Deb Shops, the teen and plus size specialty retailer, filed its second bankruptcy in less than four years in early December, citing outdated stores and increased competition in the juniors’ and young women’s market as cause for its demise. Declining mall traffic also had negative effects on the mall-based retailer.

The company’s assets are estimated to be worth $90.5 million—half of which is inventory. Court documents report that its liabilities are approximately $120.1 million. The majority of the debt stems from Deb Shops’ deal to get out of its first bankruptcy, which was filed in 2011 when it was under ownership of Lee Equity Partners.

Deb Shops’ investors include Cerberus Capital Management, which owns about 70 percent of the operations, as well as Guggenheim Partners, Credit Suisse Securities USA LLC and Lee Equity Partners. The retailer’s company board has agreed to liquidate the chain, which operates 295 stores, if it cannot find a buyer.


Struggling Dutch fashion chain Mexx has gone bankrupt, but its stores will still be open in hopes of selling off stock and attracting a buyer. Also in early December, an Amsterdam judge declared Mexx bankrupt and court appointed trustee Frits Kemp blamed poor economic conditions for the brand’s present position.

The company closed its flagship store in Amsterdam last year and shuttered its website despite growing demand for e-commerce.

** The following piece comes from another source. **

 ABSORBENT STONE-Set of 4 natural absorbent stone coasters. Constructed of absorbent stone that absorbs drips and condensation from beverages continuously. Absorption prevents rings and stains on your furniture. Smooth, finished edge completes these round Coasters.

Mexx has outlets in 50 countries, including 315 in Europe, and a workforce of 1,500 who will have to wait out the bankruptcy period to see if a buyer bites. The company is currently owned by U.S.–based private equity firm The Gores Group. The brand was formerly owned by Liz Claiborne, but as part of a restructuring, Liz Claiborne sold the brand in 2011, though it retains a minority interest in the stores.

Silver Jeans Stores

SJC Inc., which operates Silver Jeans Stores, filed for Chapter 11 bankruptcy protection in July, claiming that the stores have been suffering from the slow economy in the U.S. and fierce competition with other denim labels like Lucky Brand and True Religion.

The company had planned to liquidate inventory and close five of its six Silver Jeans stores located across California, Texas and Illinois, with its store in the Mall of America in Bloomington, Minn. remaining open because it was sold to an affiliate. The bankruptcy is still pending approval.

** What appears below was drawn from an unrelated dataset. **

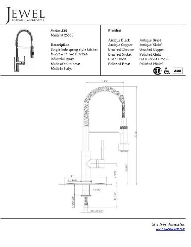 Jewel Faucets 25557 Single Hole Kitchen Faucet with Spring Spout and Two Function Commercial Sprayer in Chrome

The Silver Jeans brand itself is unaffected by the bankruptcy and will continue to be sold at retailers like Macy’s, Dillard’s, Buckle and Maurices.

Alco Stores

Discount chain Alco Stores filed for Chapter 11 in October and planned to liquidate or sell its business.

The company operated 198 discount general merchandise stores in 23 states, and employed roughly 3,000 people. The U.S. Bankruptcy court in November approved and order by the company’s creditors to shutter the stores.

Love Culture

Specialty retailer Love Culture Inc., a privately held 82-store national chain and e-commerce merchant based in Los Angeles, California, filed for Chapter 11 bankruptcy in Newark, N.J. in July.

In a petition filed with the U.S. bankruptcy court in Newark, Love Culture claimed that sales remain below projections, and that vendors had begun curbing credit and demanding payment for goods earlier than before, leading to “significant liquidity challenges.”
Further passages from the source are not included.